L’ufficiale giudiziario, ieri, ha dribblato gli sguardi degli oltre trecento in presidio. Rinvio dello sfratto che sa di già visto: con ieri fanno 130 in 19 anni
In strada militanti e simpatizzanti del Leoncavallo incassano un rinvio dello sfratto che sa di già visto. Con ieri fanno 130 in 19 anni. E se l’aula del Tribunale civile s’è già espressa il mese scorso, riconoscendo alla società «L’Orologio srl» del gruppo Cabassi un risarcimento da 3 milioni di euro che il Viminale dovrà versare per il mancato sgombero, è il piano istituzionale che sta provando, di nuovo, in queste settimane, a percorrere dietro le quinte strade (quasi) nuove per risolvere una vicenda le cui origini affondano al 1994.
L’ufficiale giudiziario, ieri, ha dribblato gli sguardi degli oltre trecento in presidio. È entrato da un ingresso secondario, ha consegnato per l’ennesima volta l’atto, e se ne è andato. Nuovo appuntamento il 24 gennaio prossimo. Fuori, nel frattempo, è stato Daniele Farina, storico portavoce del centro sociale più famoso d’Italia, a chiamare in causa Palazzo Marino. «Su questa storia decide Milano. L’attore principale è il Comune, che ha dato disponibilità a lavorare per trovare una soluzione». Di certo, alla luce del«nuovo scenario», i tempi dovranno essere rapidi: entro l’estate.
I contatti sono già stati avviati. Palazzo Marino, militanti, prefettura stanno immaginando una via d’uscita. Che per i Cabassi è unica: riavere l’area di via Watteau. Per questo dal tavolo è stata esclusa l’ipotesi di riannodare i fili di quella bozza d’accordo che ai tempi della giunta Pisapia, su spinta dell’assessorato all’Urbanistica, percorreva la via di uno scambio d’aree. Era tutto pronto, ma una parte della maggioranza si oppose e la permuta finì nel nulla.

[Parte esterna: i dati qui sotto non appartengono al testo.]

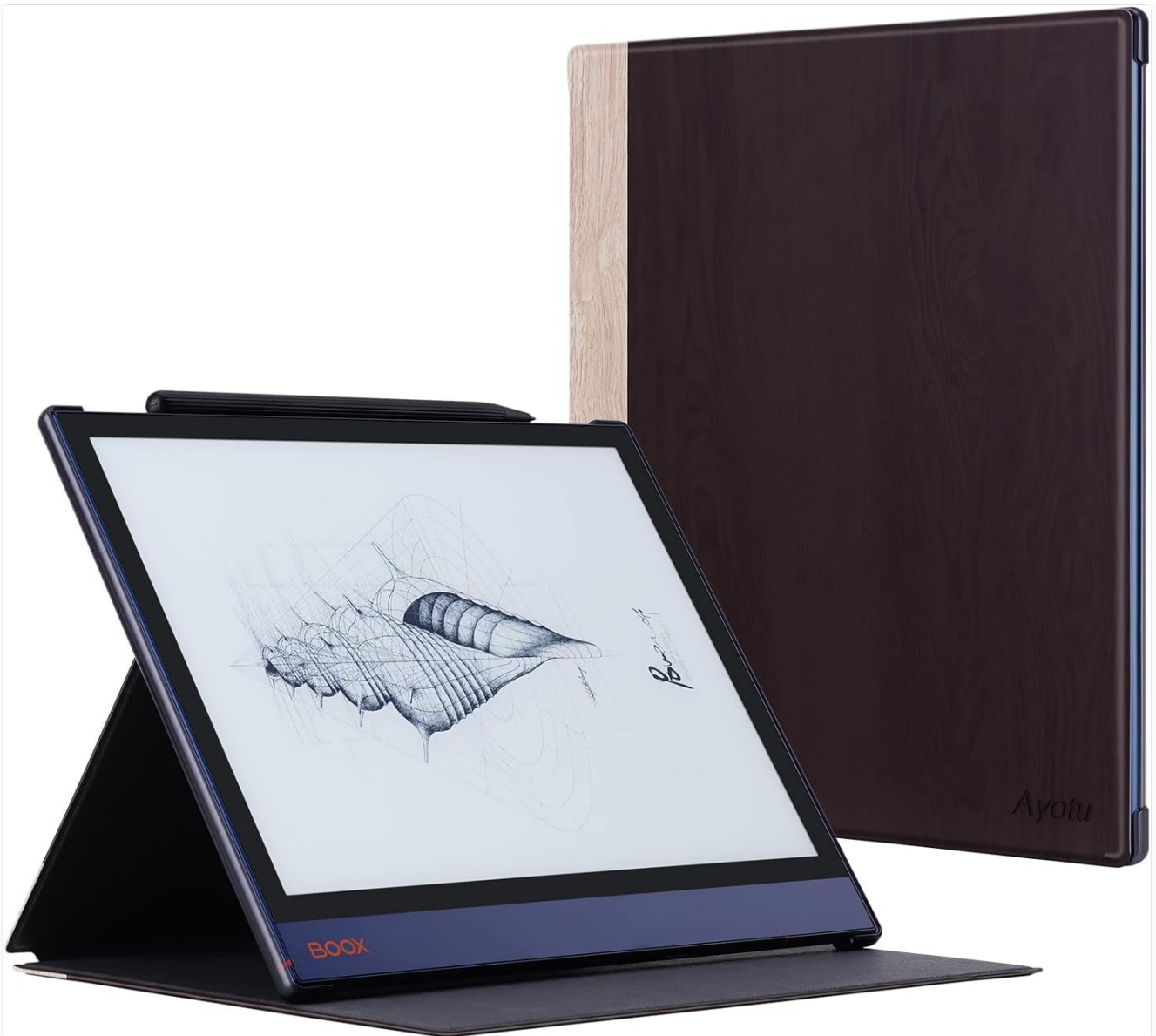
Figure 5: Device installed in the OLAIKE case, showcasing the overall fit and design.

Per sopravvivere, le «anime» del Leonka dovranno accettare un trasloco. L’esperienza antagonista potrà sopravvivere, ma in una nuova «casa». Il delicato compito di individuare un luogo adatto per il trasloco è stato affidato all’assessore alla Rigenerazione urbana, Giancarlo Tancredi. Sono già stati fatti sopralluoghi che però a oggi non hanno dato i frutti sperati per l’ovvia difficoltà che una ricerca del genere comporta. Quindi, è corsa contro il tempo. Sia perché la cifra che dovrà essere sborsata alla famiglia Cabassi è destinata ad aumentare se gli occupanti non troveranno una sede, sia perché l’alternativa, ossia lo sgombero, è vista come la peste nera dalle varie istituzioni per il timore di disordini.
La roadmap prevede una serie di passaggi. Al primo posto l’individuazione di uno spazio alternativo, poi la «regolarizzazione» del Leonka, infine la partecipazione a un bando, lo stesso iter usato per trovare uno spazio al centro sociale Lambretta. Ci si muove in questo spazio stretto. Con il centrodestra che è già all’attacco. «Il mancato sgombero non è un bel segnale nei confronti dei milanesi onesti», tuona l’assessore regionale Romano La Russa. Sul versante opposto, Camera del lavoro e Verdi, che chiedono all’amministrazione comunale di «attivarsi concretamente per impedire questo sfratto».